[Recorded data]
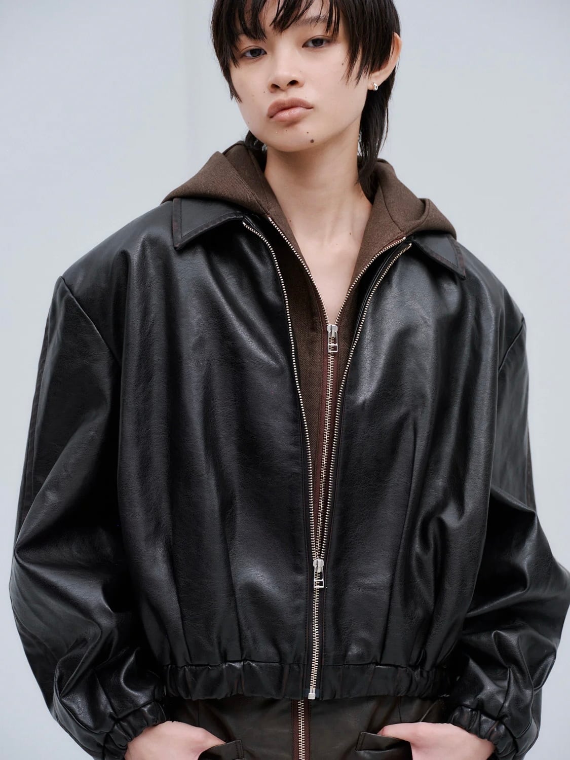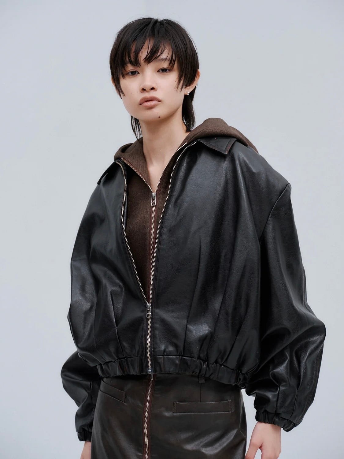 フードのレイヤードスタイルが楽しめる合成皮革ジャケット。
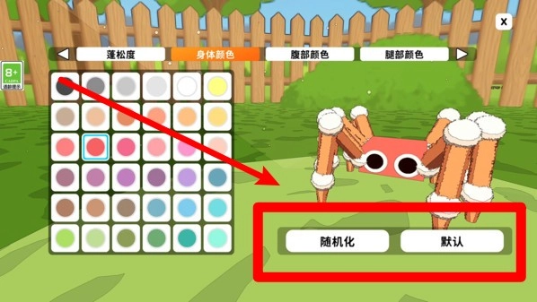 3. 借助外观编辑界面,能够自主调整蜘蛛的身体、腿部和腹部的颜色,还可以一键点击随机化按钮,切换呈现出不同个性风格的外观。
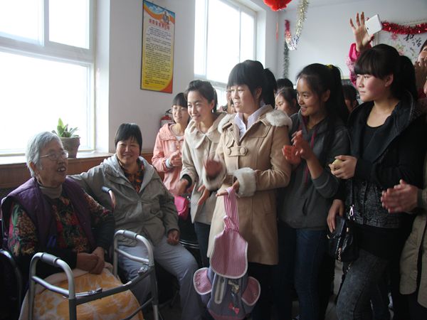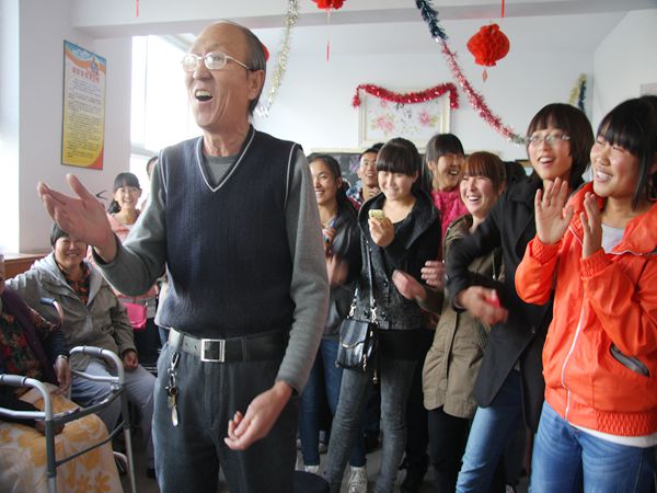 接下来,同学们为老人表演了节目。表演过程中,老人们随着同学的表演高兴地敲打着节拍。其中一些老人还为同学们唱起了《东方红》《青藏高原》等歌曲,使现场的气氛达到了高潮。告别时,老人们好像很不舍得的样子,站在门口与我们告别,希望我们能够下次再来,我们都满口答应。
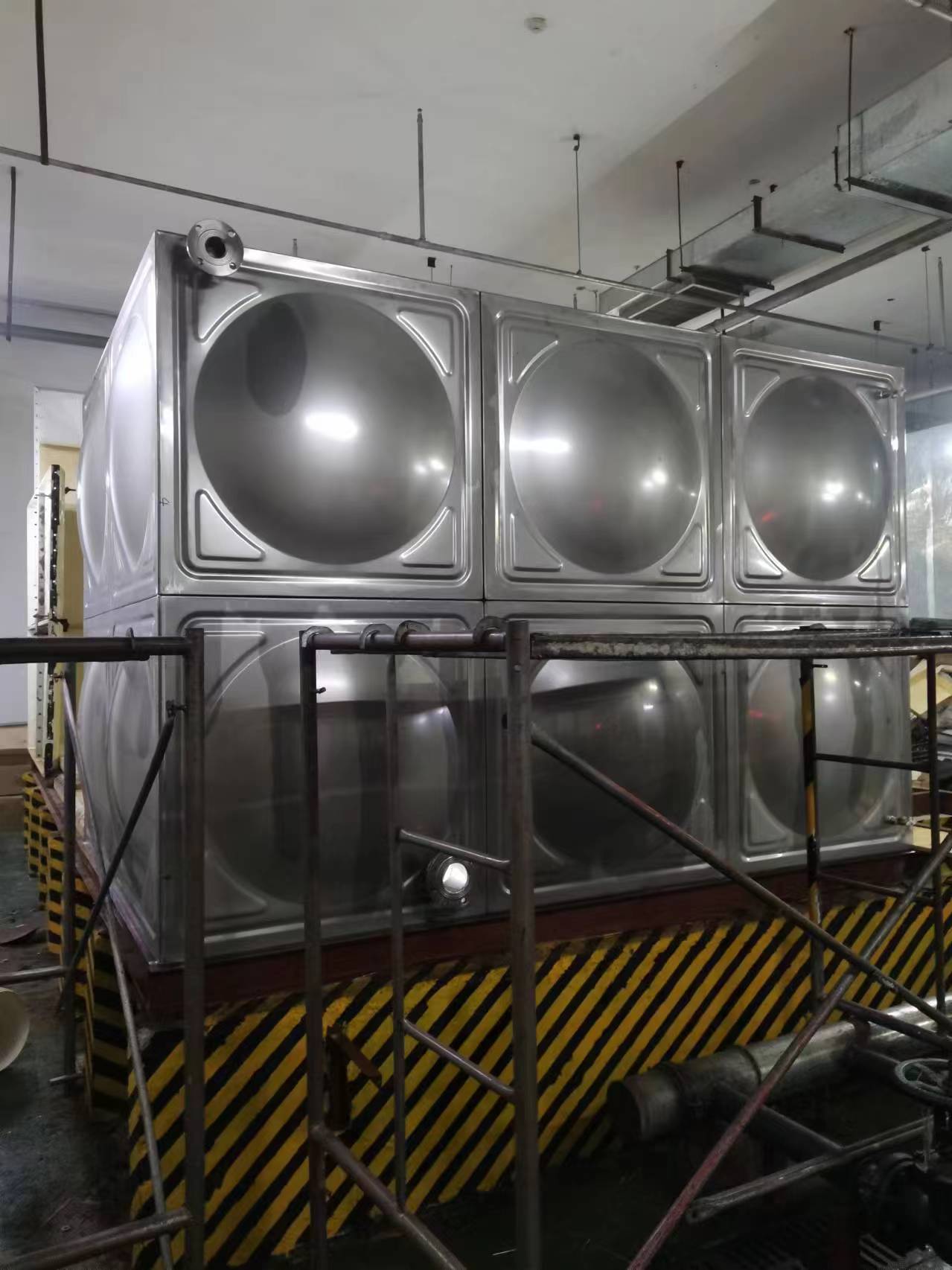 我司承接的北京中國電建國際大廈不銹鋼水箱項目已完工。不銹鋼焊接水箱為現場組合方式,強度高、密封性好,防止水質二次污染,永不滲漏,重量輕,外觀整潔、光亮、美觀、實用等特點。
[/Recorded data]
- Aim of the task -
The response must match the listing exactly, except that pictures are removed.

- Your solution -
 フードのレイヤードスタイルが楽しめる合成皮革ジャケット。
 3. 借助外观编辑界面,能够自主调整蜘蛛的身体、腿部和腹部的颜色,还可以一键点击随机化按钮,切换呈现出不同个性风格的外观。
 接下来,同学们为老人表演了节目。表演过程中,老人们随着同学的表演高兴地敲打着节拍。其中一些老人还为同学们唱起了《东方红》《青藏高原》等歌曲,使现场的气氛达到了高潮。告别时,老人们好像很不舍得的样子,站在门口与我们告别,希望我们能够下次再来,我们都满口答应。
 我司承接的北京中國電建國際大廈不銹鋼水箱項目已完工。不銹鋼焊接水箱為現場組合方式,強度高、密封性好,防止水質二次污染,永不滲漏,重量輕,外觀整潔、光亮、美觀、實用等特點。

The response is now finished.